Dataset records
════════════════════

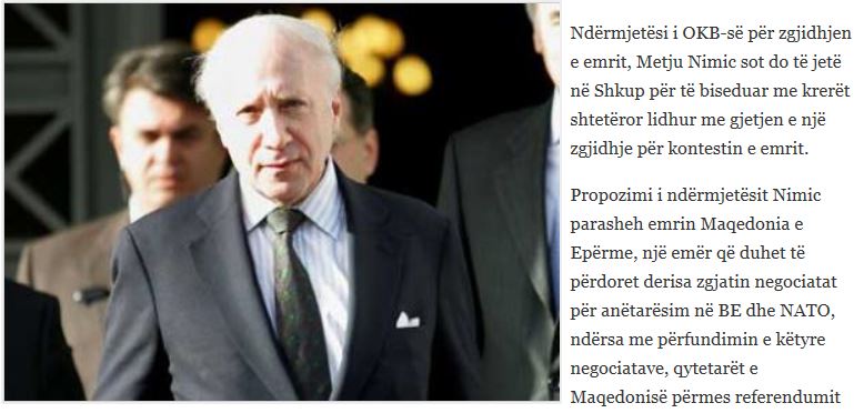 Η πρόταση του μεσολαβητή προβλέπει το όνομα «Άνω Μακεδονία», ένα όνομα που θα πρέπει να χρησιμοποιείται έως ότου συνεχίζονται οι διαπραγματεύσεις με την ΕΕ και το ΝΑΤΟ και με την ολοκλήρωση αυτών, οι πολίτες των Σκοπίων μέσω δημοψηφίσματος πρέπει να ψηφίσουν σε δύο ζητήματα: για την ένταξη στην ΕΕ και στην αναγνώριση της Δημοκρατίας της Άνω Μακεδονίας.
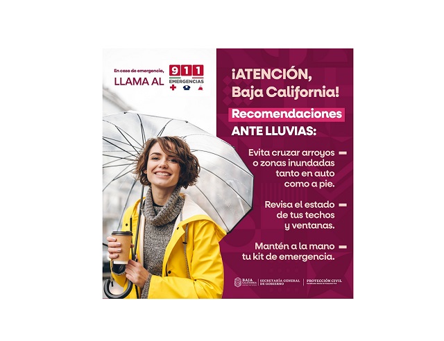 TIJUANA.- 22 de diciembre de 2025.- La Coordinación Estatal de Protección Civil (CEPC) con base en información del Servicio Meteorológico Nacional (SMN), alerta a la población por los pronósticos de probabilidad de lluvias fuertes a muy fuertes, principalmente entre el martes 23 y jueves 25 de diciembre.
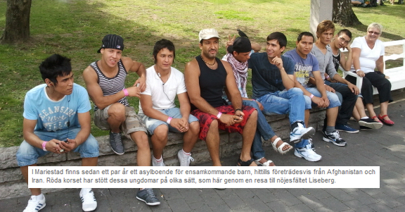 En av många idag klassiska bilder som på ett bra sätt illustrerar det vansinne som nu råder i Sverige, då myndigheter godtar vuxna människors uppenbara lögner om sin ålder och registrerar dem som barn, är denna bild från Röda korset i Mariestad, samma organisation som på ett lokalt nationaldagsfirande förklarade att den närvarande publiken och alla andra svenskar är bortskämda som inte tar emot fler asylsökande än vad vi gjorde förra året.
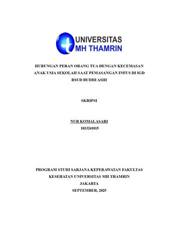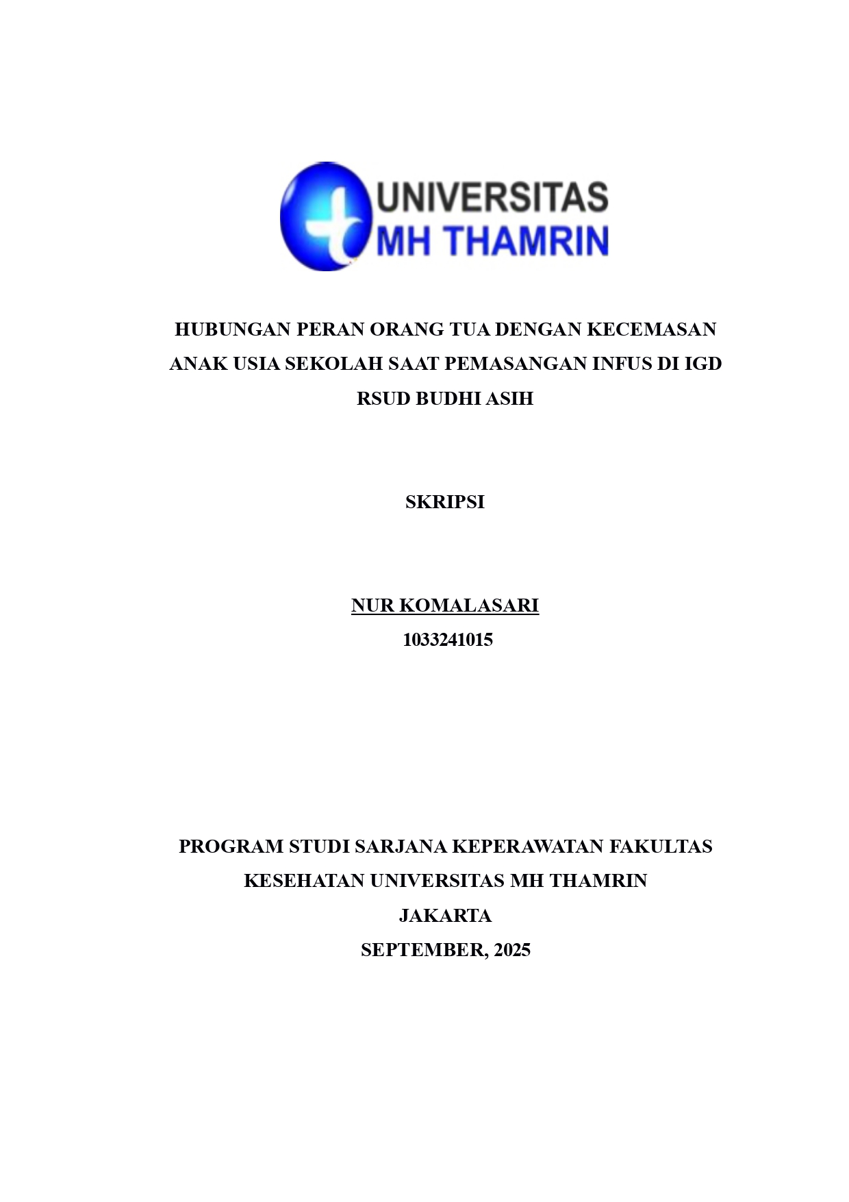 Nur, Komalasari (2025) Hubungan Peran Orang Tua dengan Kecemasan Anak Usia Sekolah Saat Pemasangan Infus di IGD RSUD Budhi Asih. Other thesis, Universitas Mohammad Husni Thamrin.
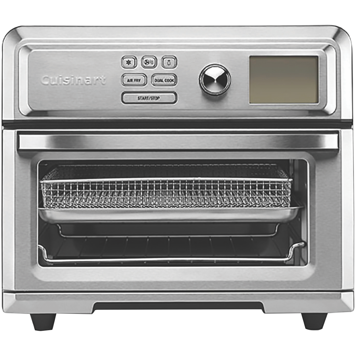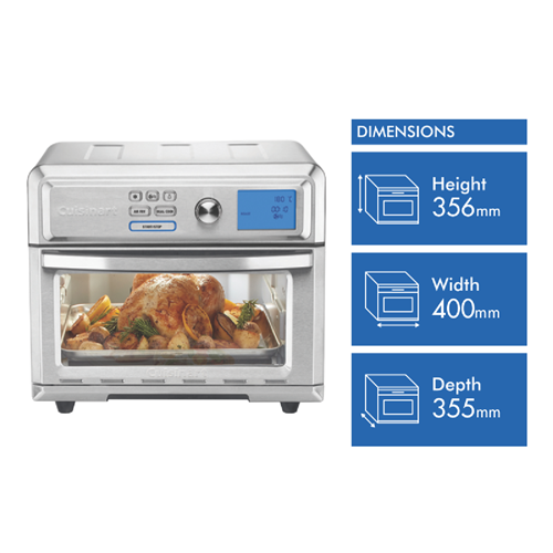 Transform your kitchen with the versatile Cuisinart Express Oven Air Fryer. This powerful 1630W appliance lets you air fry roast bake slow cook grill and more all in one compact brushed stainless steel unit. With its generous 17L capacity non-stick interior and reversible rack you can cook everything from crispy hot chips to juicy roasts for the whole family. The digital LCD and 12 presets make cooking simple while the integrated timer and auto shut-off give you peace of mind. Air fry with little to no oil and enjoy your favourite fried foods with up to 80% less fat. The super convection setting cooks food fast and evenly too. With so many modes like pizza breads and more this is the only oven you need on your countertop. Bringing professional results right to your home the Cuisinart Express Oven Air Fryer will transform mealtimes for good. The manufacturer's part number for this product is TOA-65XA. Check out the Cuisinart Express Oven Air Fryer today.
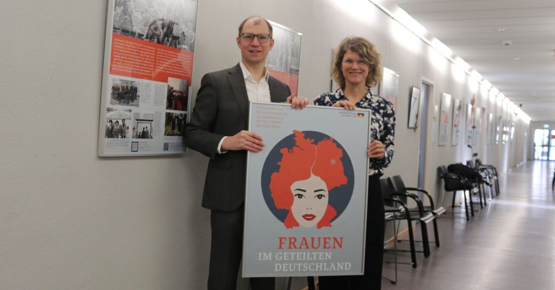 Woher kommen diese Zuschreibungen? Und was ist an ihnen dran? Die Plakatausstellung „Frauen im geteilten Deutschland“ will auf diese Fragen eine Antwort geben. Landrat Jan Weckler hat sie anlässlich des Weltfrauentages am 8. März gemeinsam mit Claudia Taphorn, Fachdienstleitung Frauen und Chancengleichheit, eröffnet. Die Westfrau wird oft entweder als „Heimchen am Herd“ oder als knallharte Karrierefrau beschrieben. Die Ostfrau hingegen steht im Kohlebergbau "ihren Mann". Sie wird als tough bezeichnet oder auch als Rabenmutter, weil sie ihre Kinder in die Krippe gibt. Die Westfrau gendert, während die Ostfrau damit nichts anzufangen weiß. Die Ostfrau gilt mal als Verliererin, mal als Gewinnerin der deutschen Einheit. Die Liste der Zuschreibungen ist lang. Obwohl sie sich teilweise grotesk widersprechen, zeugen sie doch alle von der Überzeugung, man wisse genau, wie DIE Ostfrau und DIE Westfrau eigentlich ticken. Vor allem eines scheint klar zu sein: Sie ticken alle gleich, aber im Vergleich zum anderen Teil Deutschlands sehr unterschiedlich.
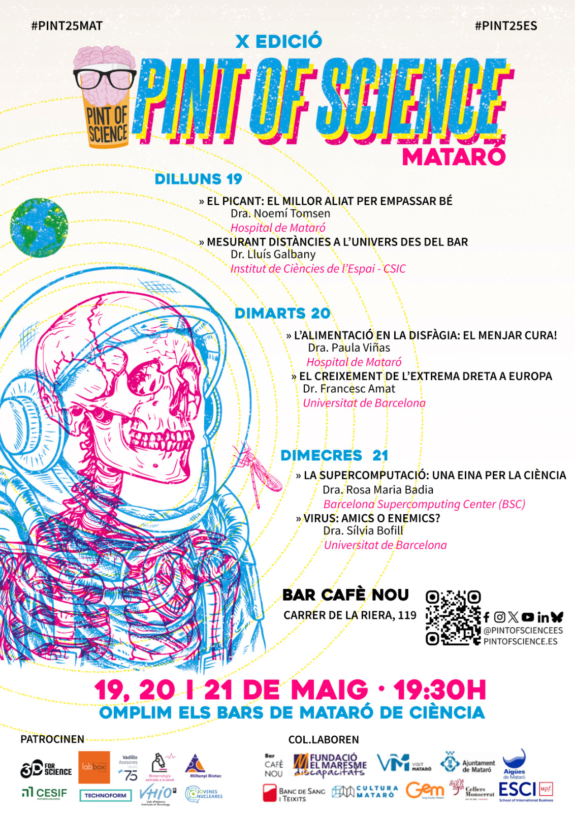 Totes les activitats començaran a les 19.30h i l’entrada és gratuïta fins a completar l’aforament. Consulta tota la informació i el programa complet a la web de Pint of Science Mataró i al perfil d’Instagram de Els Set-ciències de Mataró!
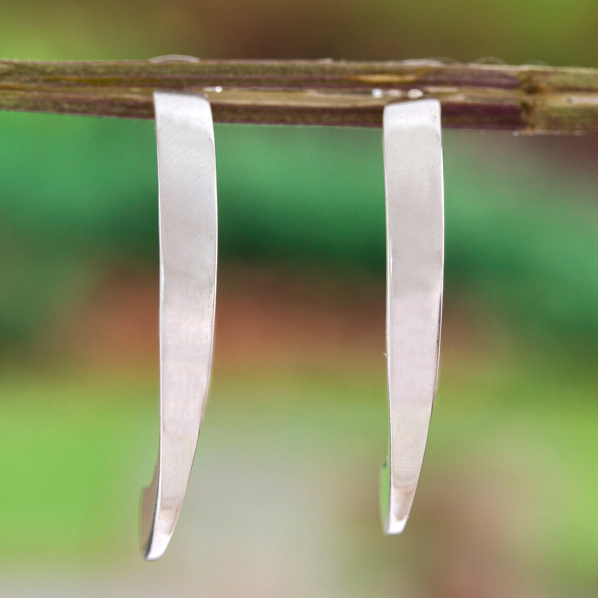Working in the style of Taxco handcrafted silver, Mikelo represents the third generation in a family of Mexican artisans. He finds inspiration in the moon to craft this pair of minimalistic earrings with a modern vibe, forming them into half-hoops with a beautiful high-polish finish.
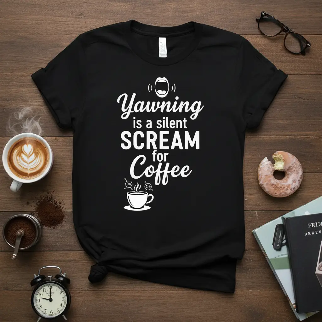 This unique design speaks directly to the soul of every coffee enthusiast. The bold typography ensures the message is clear: sometimes, the loudest expression of need is a silent yawn. It’s a clever and humorous take on the universal experience of needing coffee to function, making it a must-have for your wardrobe.
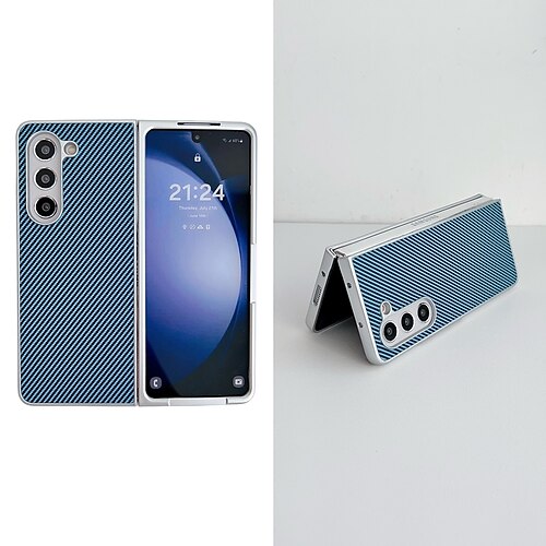 telefono Custodia Per Samsung Galaxy Piegatura a Z 7 Z Fold 6 Z Fold 5 Z Fold 4 Z Fold 3 Custodia a Flip con Supporto Protezione Completa Supporta la Ricarica Wireless Fibra di carbonio
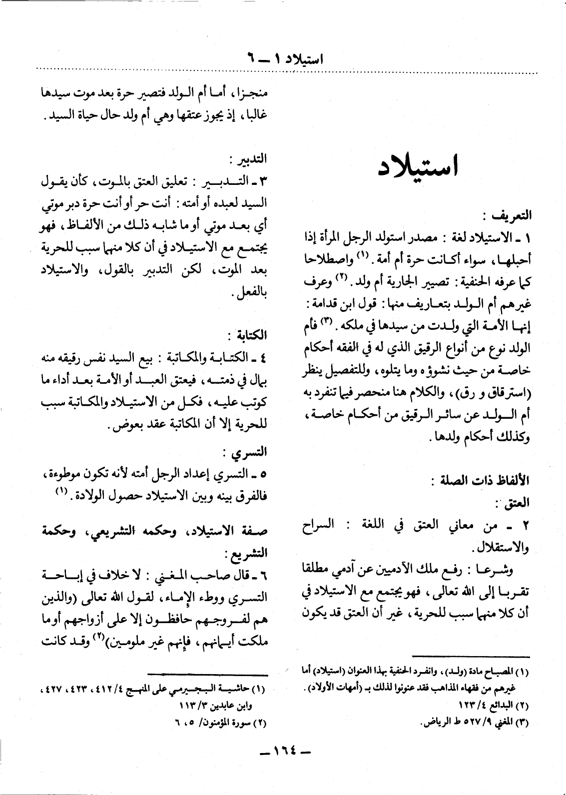 (1) المصباح مادة (ولد) ، وانفرد الحنفية بهذا العنوان (استيلاد) أما غيرهم من فقهاء المذاهب فقد عنونوا لذلك بـ (أمهات الأولاد) .
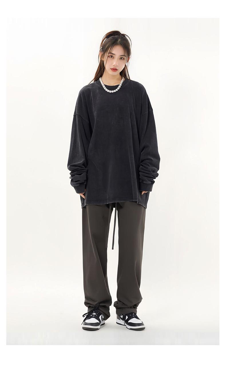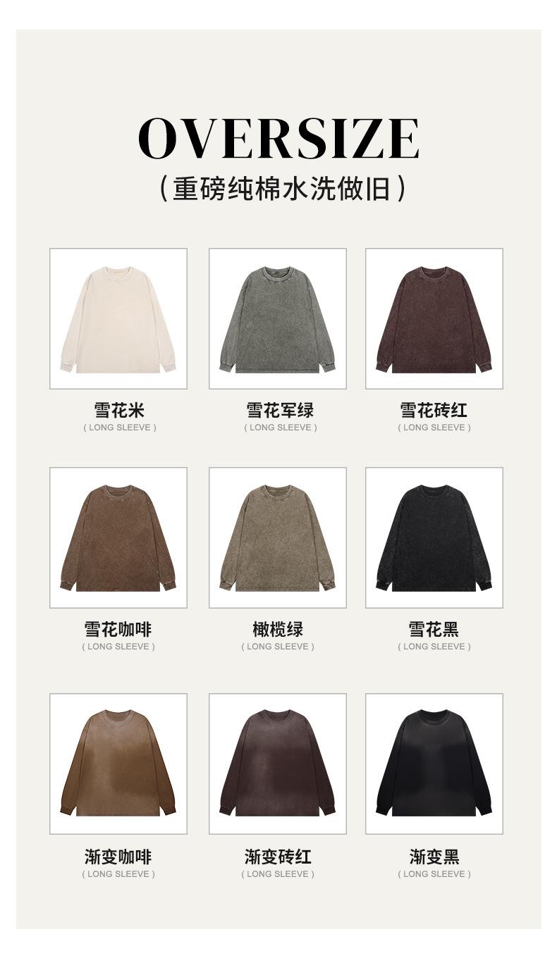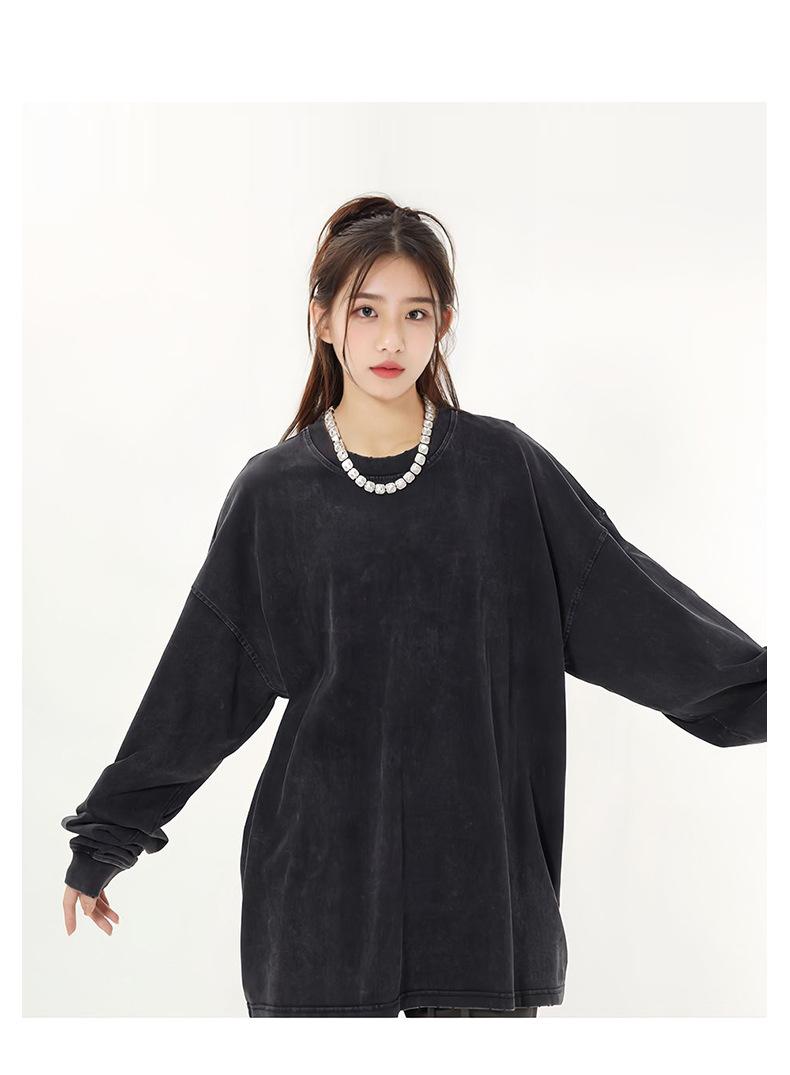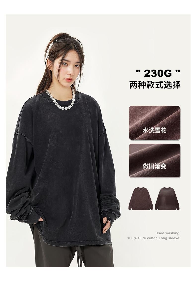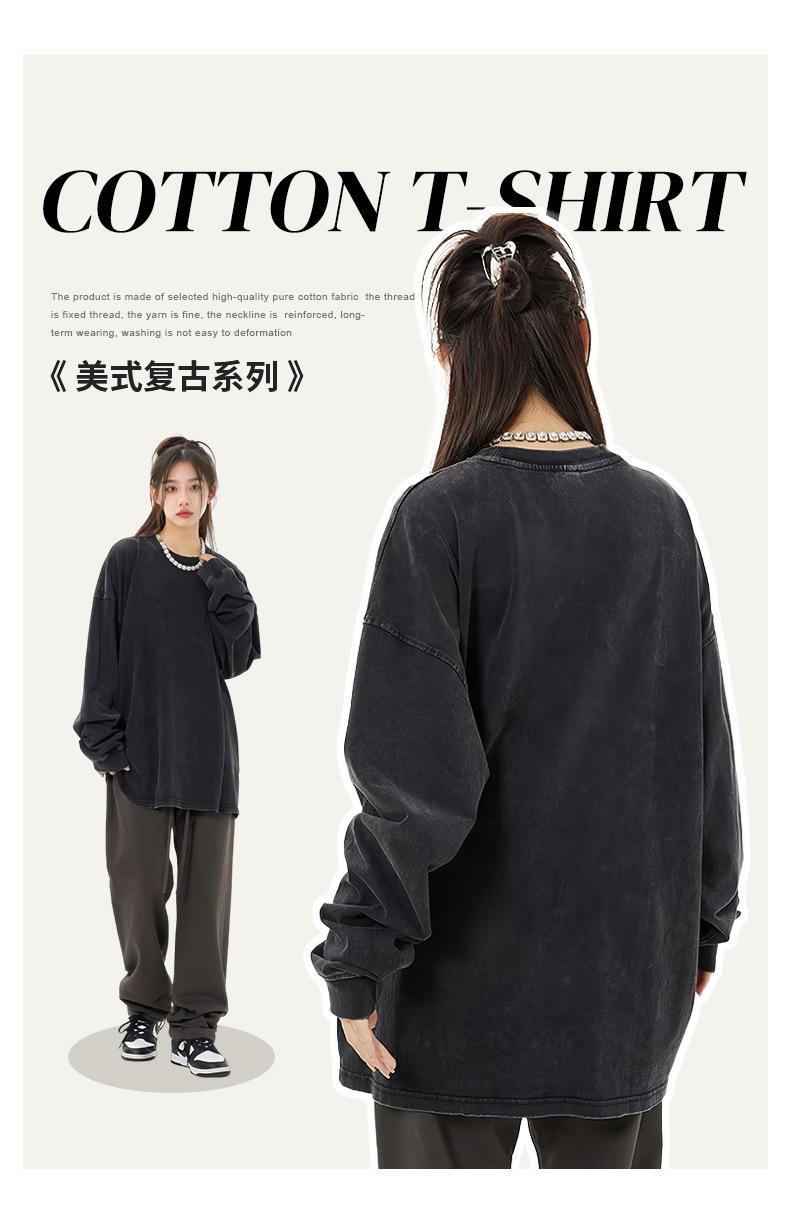 Camiseta de manga larga de hombro caído de marca de moda pesada retro desgastada para mujer, versátil, oversize, estilo europeo y americano ins, camiseta básica para pareja

════════════════════

Exercise instructions
Write out exactly the opening lines of the data, stopping after the line that holds "Nur, Komalasari (2025)". Exclude pictures.

Response
 Η πρόταση του μεσολαβητή προβλέπει το όνομα «Άνω Μακεδονία», ένα όνομα που θα πρέπει να χρησιμοποιείται έως ότου συνεχίζονται οι διαπραγματεύσεις με την ΕΕ και το ΝΑΤΟ και με την ολοκλήρωση αυτών, οι πολίτες των Σκοπίων μέσω δημοψηφίσματος πρέπει να ψηφίσουν σε δύο ζητήματα: για την ένταξη στην ΕΕ και στην αναγνώριση της Δημοκρατίας της Άνω Μακεδονίας.
 TIJUANA.- 22 de diciembre de 2025.- La Coordinación Estatal de Protección Civil (CEPC) con base en información del Servicio Meteorológico Nacional (SMN), alerta a la población por los pronósticos de probabilidad de lluvias fuertes a muy fuertes, principalmente entre el martes 23 y jueves 25 de diciembre.
 En av många idag klassiska bilder som på ett bra sätt illustrerar det vansinne som nu råder i Sverige, då myndigheter godtar vuxna människors uppenbara lögner om sin ålder och registrerar dem som barn, är denna bild från Röda korset i Mariestad, samma organisation som på ett lokalt nationaldagsfirande förklarade att den närvarande publiken och alla andra svenskar är bortskämda som inte tar emot fler asylsökande än vad vi gjorde förra året.
 Nur, Komalasari (2025) Hubungan Peran Orang Tua dengan Kecemasan Anak Usia Sekolah Saat Pemasangan Infus di IGD RSUD Budhi Asih. Other thesis, Universitas Mohammad Husni Thamrin.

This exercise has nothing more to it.